── WORKING DATA

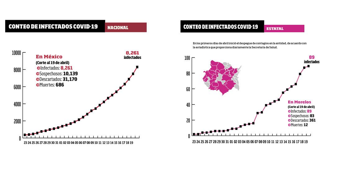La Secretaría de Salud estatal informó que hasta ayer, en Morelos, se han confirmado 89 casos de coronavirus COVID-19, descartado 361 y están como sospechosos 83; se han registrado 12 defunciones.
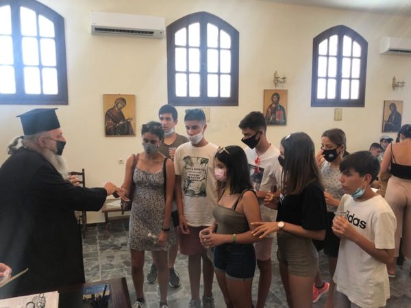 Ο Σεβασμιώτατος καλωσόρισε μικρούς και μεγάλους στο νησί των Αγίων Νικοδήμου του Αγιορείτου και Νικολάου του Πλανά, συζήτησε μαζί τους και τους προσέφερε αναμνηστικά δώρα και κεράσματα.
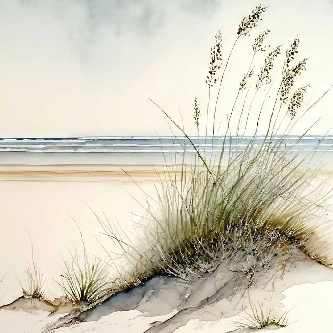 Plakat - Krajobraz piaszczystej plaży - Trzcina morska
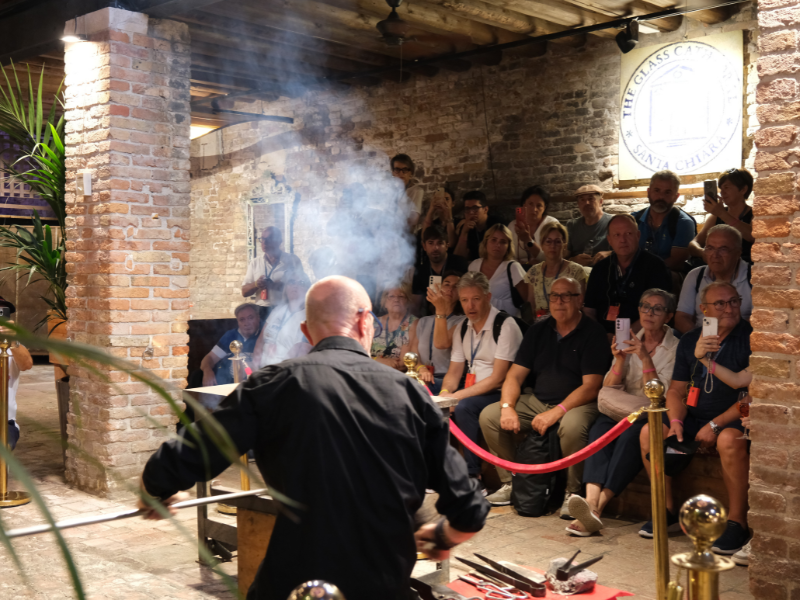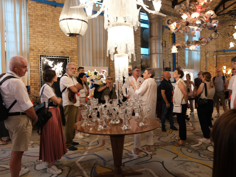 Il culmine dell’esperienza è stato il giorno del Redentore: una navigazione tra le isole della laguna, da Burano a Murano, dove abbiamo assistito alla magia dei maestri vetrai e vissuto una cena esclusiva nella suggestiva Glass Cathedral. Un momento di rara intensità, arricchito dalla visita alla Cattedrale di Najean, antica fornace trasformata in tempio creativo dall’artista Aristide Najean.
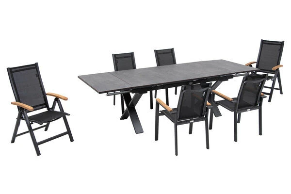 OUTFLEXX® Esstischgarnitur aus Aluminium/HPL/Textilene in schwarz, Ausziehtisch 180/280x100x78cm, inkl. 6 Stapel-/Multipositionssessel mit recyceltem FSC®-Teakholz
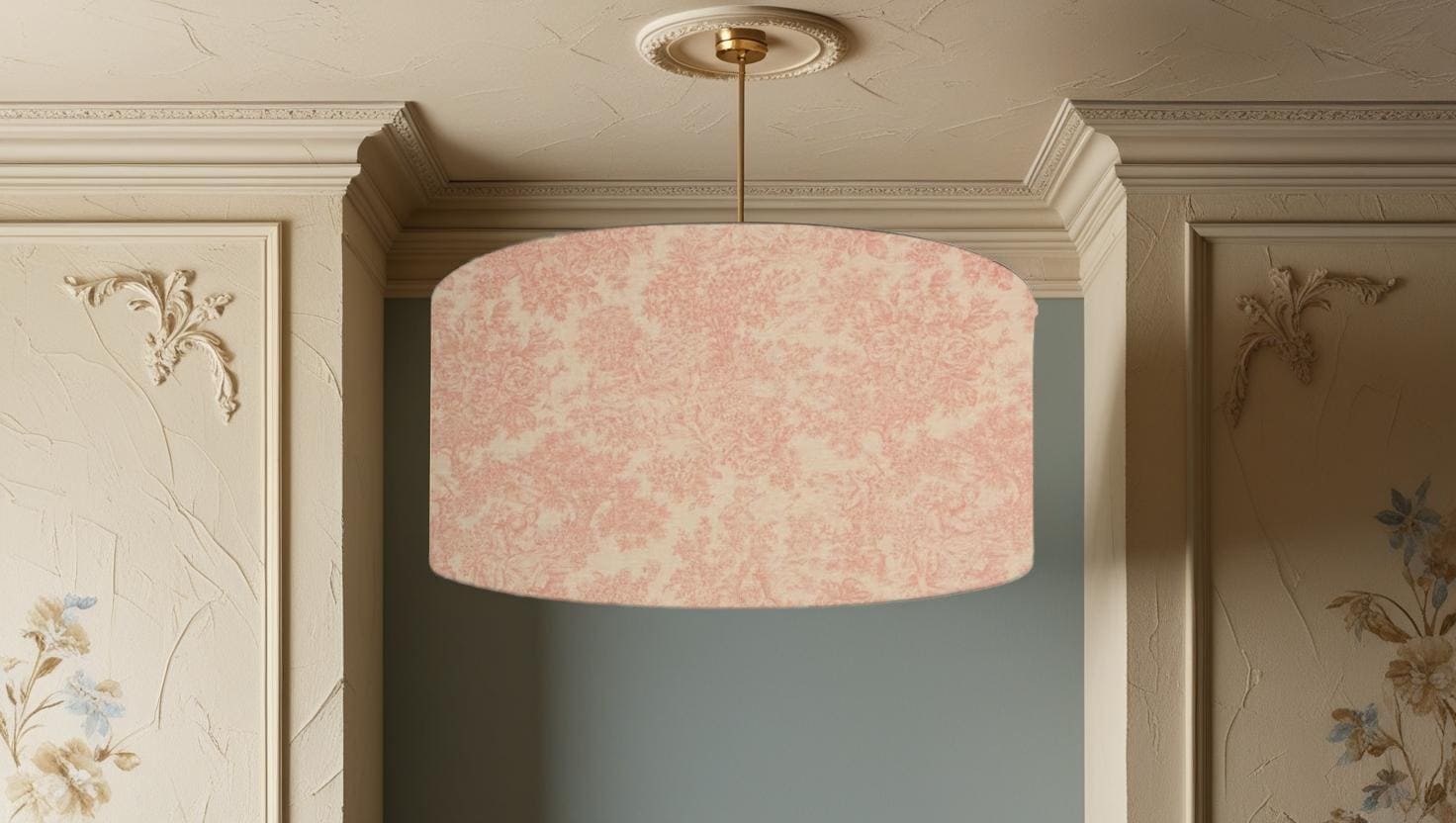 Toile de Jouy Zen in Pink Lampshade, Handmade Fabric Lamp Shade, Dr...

────

WORK REQUEST ▸
Write out, exactly, the lines of the material from the very first through the line containing "Plakat - Krajobraz", and leave out every picture.

RESULT OF THIS TASK ▸
La Secretaría de Salud estatal informó que hasta ayer, en Morelos, se han confirmado 89 casos de coronavirus COVID-19, descartado 361 y están como sospechosos 83; se han registrado 12 defunciones.
 Ο Σεβασμιώτατος καλωσόρισε μικρούς και μεγάλους στο νησί των Αγίων Νικοδήμου του Αγιορείτου και Νικολάου του Πλανά, συζήτησε μαζί τους και τους προσέφερε αναμνηστικά δώρα και κεράσματα.
 Plakat - Krajobraz piaszczystej plaży - Trzcina morska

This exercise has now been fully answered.